Dziś w węgierski parlament zajmie się rezolucją ws. poparcia dla polskiego rządu w sporze z Komisją Europejską. Projekt dokumentu przygotował szef parlamentarnej komisji spraw zagranicznych Zsolt Nemeth. To poparcie wiele mówi o naszej przyjaźni.
Węgierski projekt mówi jasno: parlament w Budapeszcie uznaje za nieuzasadnione, zainicjowane przez Parlament Europejski i Komisję Europejską, wszczęcie postępowania na podstawie art. 7 Traktatu o UE.

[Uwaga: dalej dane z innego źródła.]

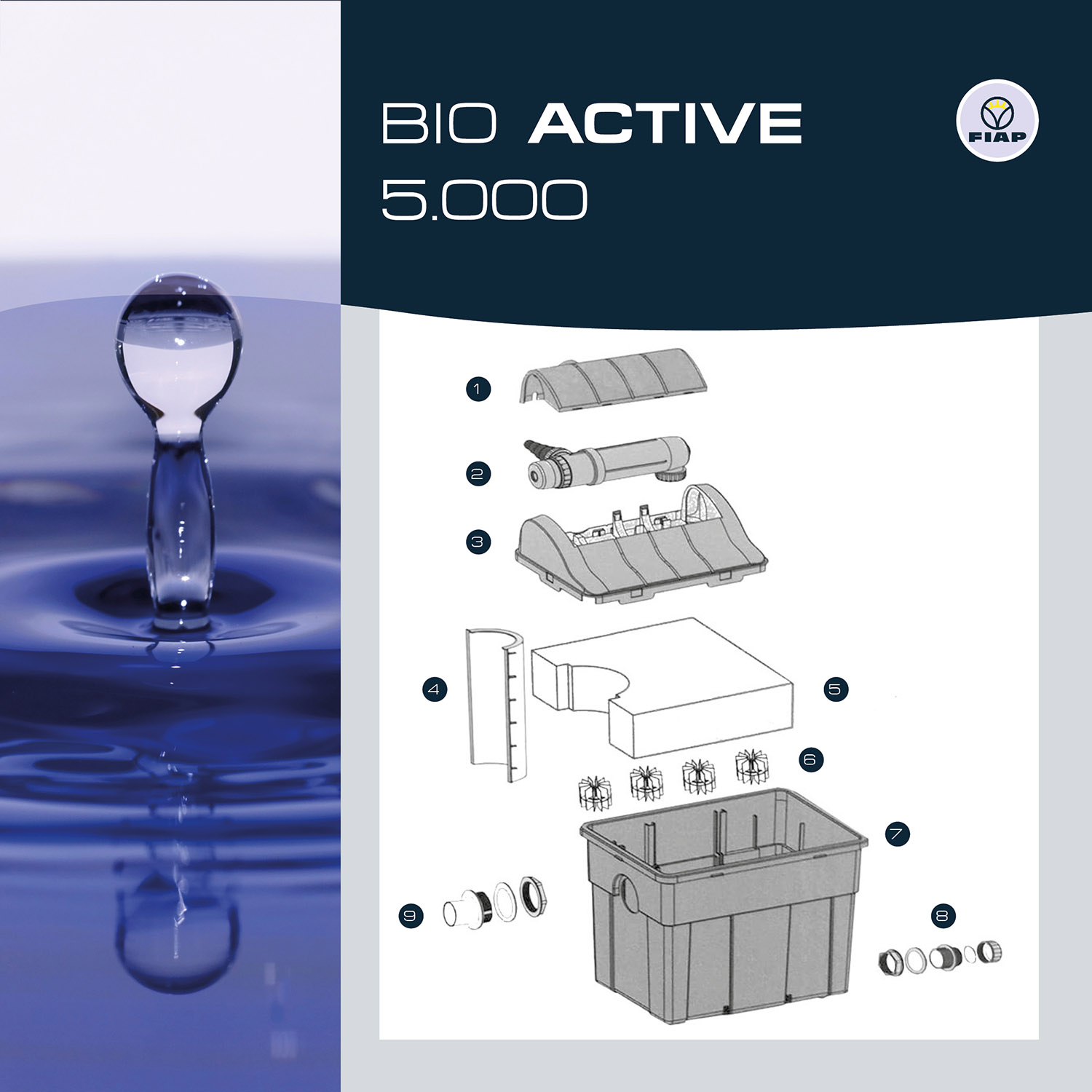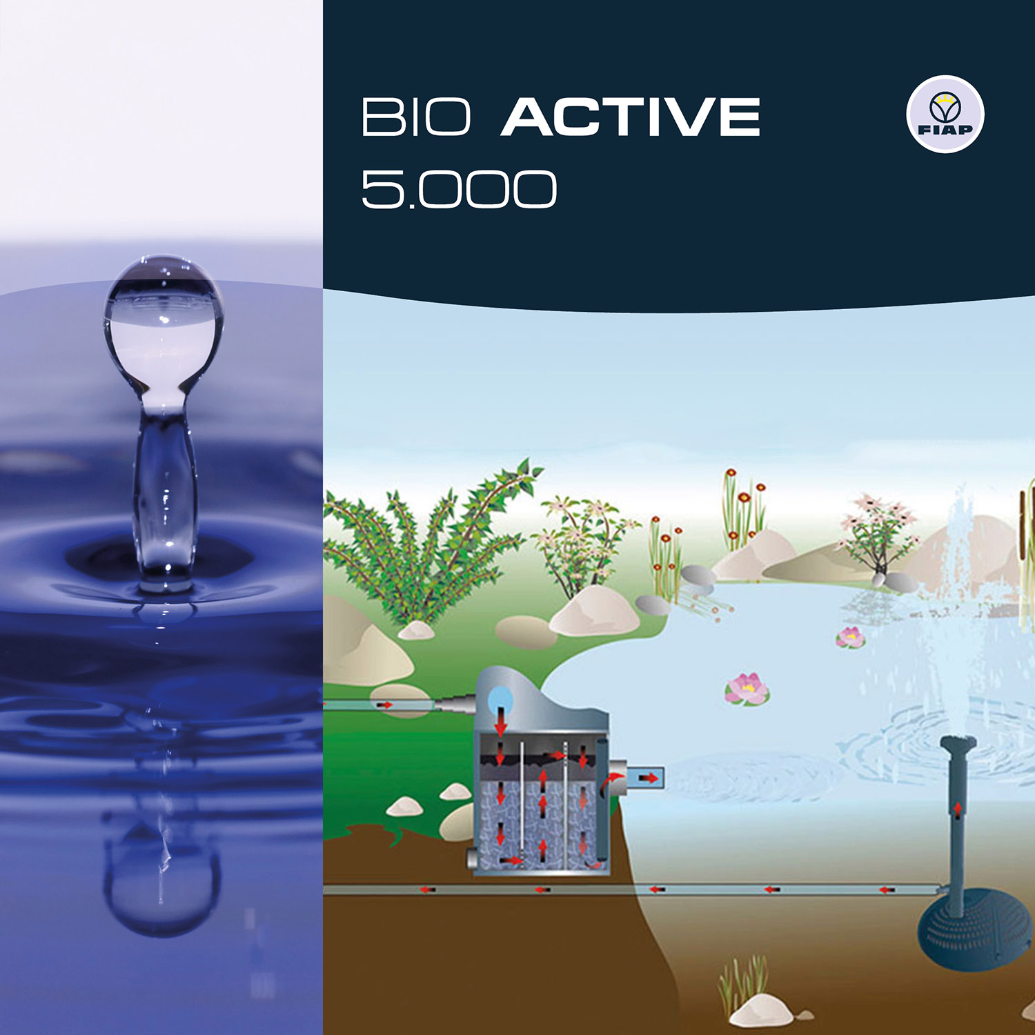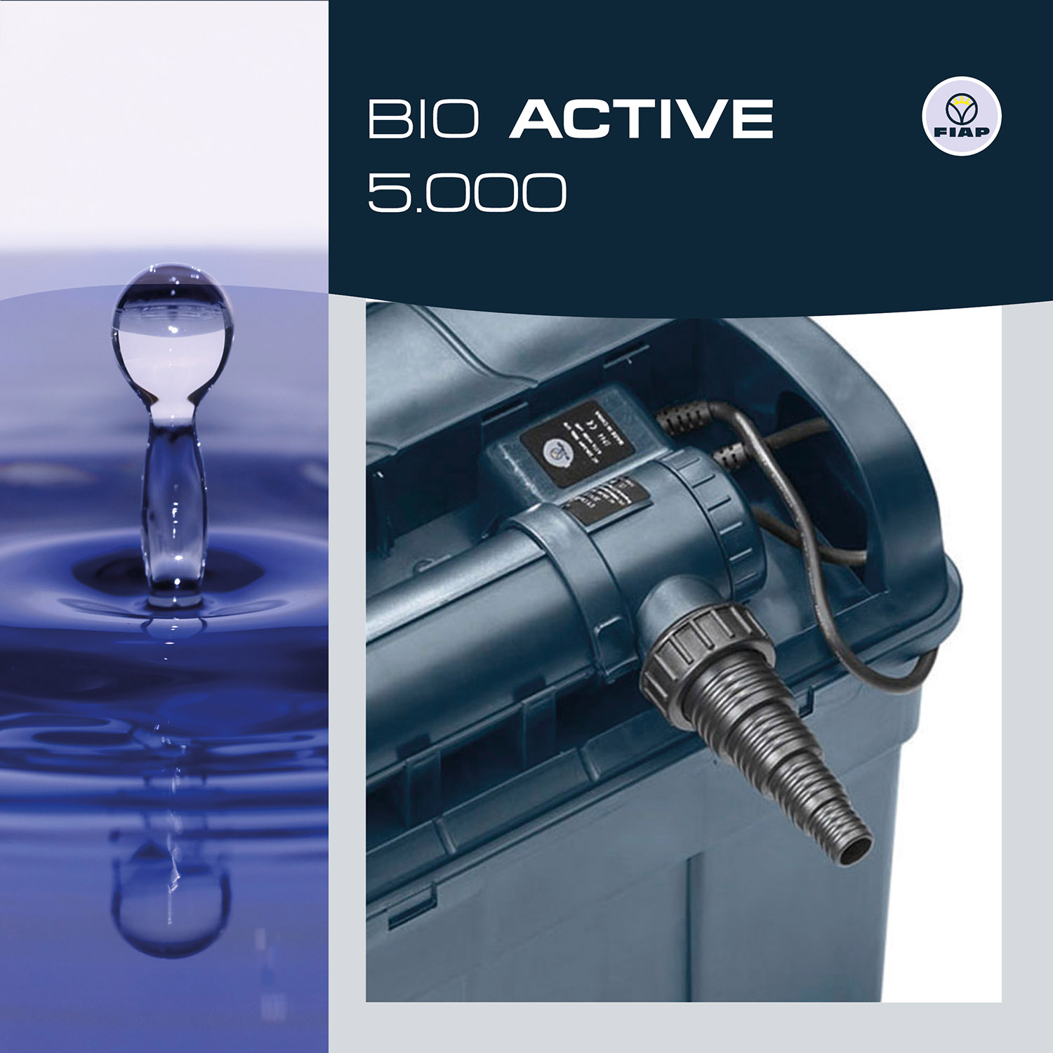 Der FIAP BIO ACTIVE 5.000 ist ein hochwirksames Komplettsystem zur Reinigung des Teichwassers. Der besondere Effekt: Anreicherung des gefilterten Wassers mit zusätzlichem Sauerstoff. Diese Komponente bietet dem Privatanwender eine hoch professionelle Technologie. Es entsteht ein perfektes Zusammenspiel bewährter und neuartiger Filtertechnik. Diese Serie ist zudem besonders wartungsfreundlich. Das Wasser durchfließt Kammern mit verschiedenen Filtermedien und wird zusätzlich durch ein leistungsstarkes UVC Gerät gereinigt. Die UVC Strahlung reduziert die Algenbildung. Ergänzt wird das Mehrkammersystem durch das speziell konzipierte UP-FLOW Prinzip. Das vorgefilterte Wasser wird dabei über eine Abrisskante geführt und stark mit Umgebungsluft angereichert. Dadurch erfolgt die zielgerichtete Zuführung von Sauerstoff, welcher zu den Grundvoraussetzungen für gesundes Teichwasser und ein intaktes biologisches Gleichgewicht zählt. Dieses Kombination beider Techniken bewirkt eine Teichfilterung auf hohem Niveau und sorgt nachhaltig und sehr effizient für gesundes Wasser im Teich. Das Filtersystem mit hohem Bedienkomfort.

"Wzywamy węgierski rząd, żeby poparł Polskę i nie zgodził się na ograniczenie zagwarantowanych w traktacie podstawowych praw" - napisano w dokumencie.
Co ciekawe, Węgrzy uważają, że ich państwo nie powinno popierać takich rozwiązań unijnych, które mogą ograniczyć podstawowe prawa Polski wynikające z członkostwa w UE. W rezolucji znalazł się też apel do węgierskich europosłów o obronę rządu w Warszawie.
To kolejny wyraz wsparcia i solidarności Węgier wobec Polski i kolejna szansa na pokonanie oligarchicznej, zlaicyzowanej grupy europejskich dyktatorów.